Re: The LotGK and the White Witch: What's the Difference?
Posted: Nov 06, 2014 11:47 am
Anhun, that idea about LotGK feeding on Depression and inner darkness is spot on. I am sure it is no coincidence that the perkiest Marsh-Wiggle, Puddleglum, is the Narnian sent to challenge her, no more than it is the bravest Narnians (Ourius, the Beavers) who are sent to challenge Jadis the tyrant.
Lucy once asked Aslan if he is in their (our) world. Aslan replied Yes, but that "there I have another Name. You must learn to know Me by that Name. It is for this purpose that I brought you into Narnia," so that the Pevensies might know Aslan better, by the Name here, in their own home.
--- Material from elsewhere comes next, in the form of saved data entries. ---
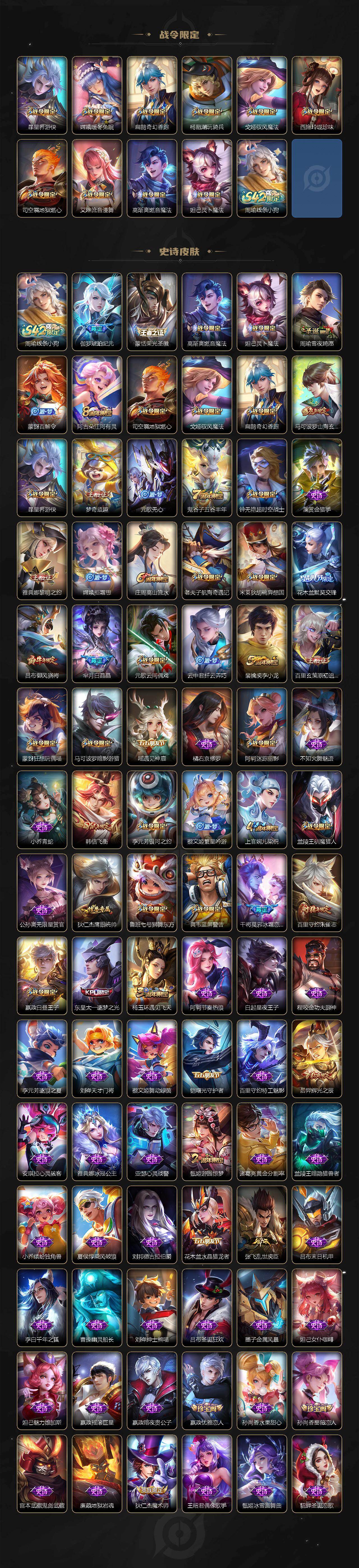 【限定皮肤】:姜子牙天穹之誓,狄仁杰阴阳师,赵云皇家上将,墨子神迹守卫,嬴政优雅恋人,嬴政白昼王子,孙尚香蔷薇恋人,鲁班七号狮舞东方,庄周
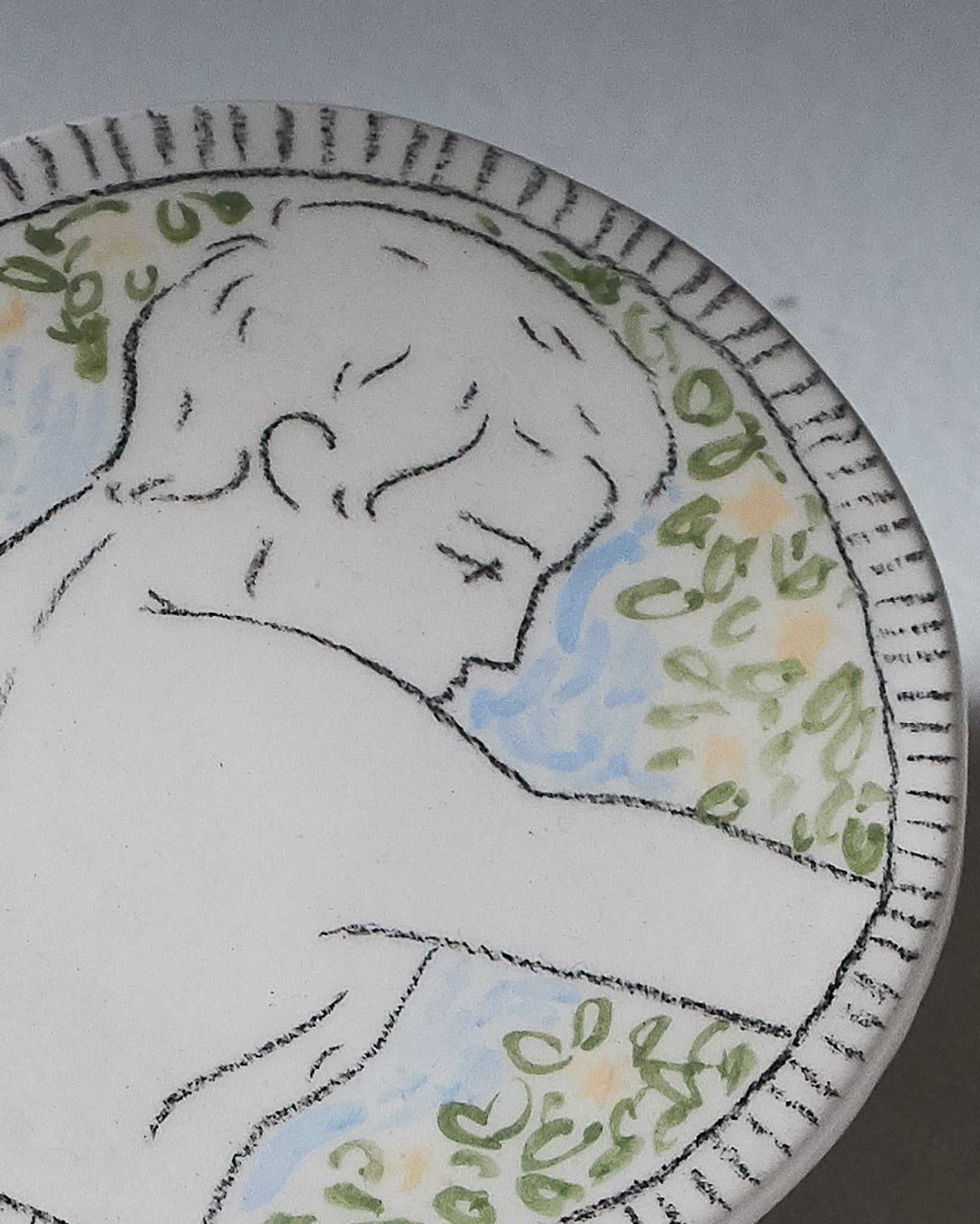 White glazed ceramic coaster with an incised design depicting a male profile from behind, surrounded by stylized foliage motifs in white, green, blue, and yellow, with a striated border. Unique handcrafted piece, signed 'Eldarov. T' on the reverse.
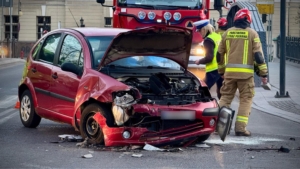 W środę, 8 kwietnia br. około godziny 18:30 na skrzyżowaniu ul. Sukienniczej i Kazimierzowskiej w Kaliszu doszło do wypadku drogowego, w którym poszkodowana została młoda kobieta. Sprawca zdarzenia – kierujący srebrnym Hyundai’em nie ustąpił pierwszeństwa przejazdu kierującej Citroenem. Do działań ratowniczych zadysponowano dwa zastępy z Jednostki Ratowniczo-Gaśniczej nr 1 KM Państwowej Straży Pożarnej w Kaliszu, Zespół Ratownictwa Medycznego oraz Policję.
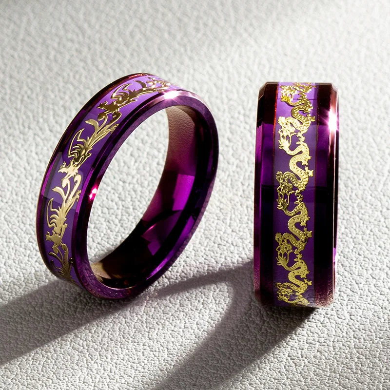 - Symbole du dragon & du phénix - Couleurs violettes & dorées royales - Acier poli & design harmonieux - Symbole d’amour éternel et puissant

Therefore I would argue that the witches are different for the obvious reason that the children are different. The Pevensies met Aslan during World War II, a time when assorted tyrants controlling assorted armies attempted to inflict assorted forms of death upon us all. (Which, BTW, if the one in Germany had not been so reckless as to attack the one in the USSR, the Allies might not have won the war.)
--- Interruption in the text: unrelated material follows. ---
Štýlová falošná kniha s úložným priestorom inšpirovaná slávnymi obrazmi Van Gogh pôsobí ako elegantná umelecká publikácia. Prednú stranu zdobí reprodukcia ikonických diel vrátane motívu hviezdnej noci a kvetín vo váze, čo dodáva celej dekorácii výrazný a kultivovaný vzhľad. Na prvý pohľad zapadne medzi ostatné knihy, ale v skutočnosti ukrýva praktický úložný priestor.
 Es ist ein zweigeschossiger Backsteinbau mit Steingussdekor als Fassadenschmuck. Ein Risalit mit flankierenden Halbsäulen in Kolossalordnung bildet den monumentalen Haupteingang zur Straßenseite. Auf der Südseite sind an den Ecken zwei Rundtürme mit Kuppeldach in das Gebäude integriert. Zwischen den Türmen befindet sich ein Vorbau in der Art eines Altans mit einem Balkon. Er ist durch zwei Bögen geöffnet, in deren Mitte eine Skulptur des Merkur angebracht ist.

The Pevensies therefore challenge a tyrant-sociopath in Narnia. I use the term in the Diane Duane sense of her description of the tyrant T'Rehu (The Romulan Way). Duane reports
(Having said that, Jadis would wipe the floor with T'Rehu, who deteriorated into a financial failure after her military success.)
Jill Pole and Eustace Scrubb, however, meet Aslan in the post-war world in the care, if we can call it that, of practical, Gradgrindish, reductionist schools. The world having had enough of high passions, its horizons to the eyes of "Pole" and "Scrubb" were limited to only what they could see and test and reproduce according to a sort of scientific protocol. Indeed, this early stamp on their impressionable souls continues to leave its mark, as the characters still call each other Pole and Scrubb to the end of the series. Does Aslan call His beloved one "Pole"? Of course not. That's impersonal, and Aslan is an intensely personal Being.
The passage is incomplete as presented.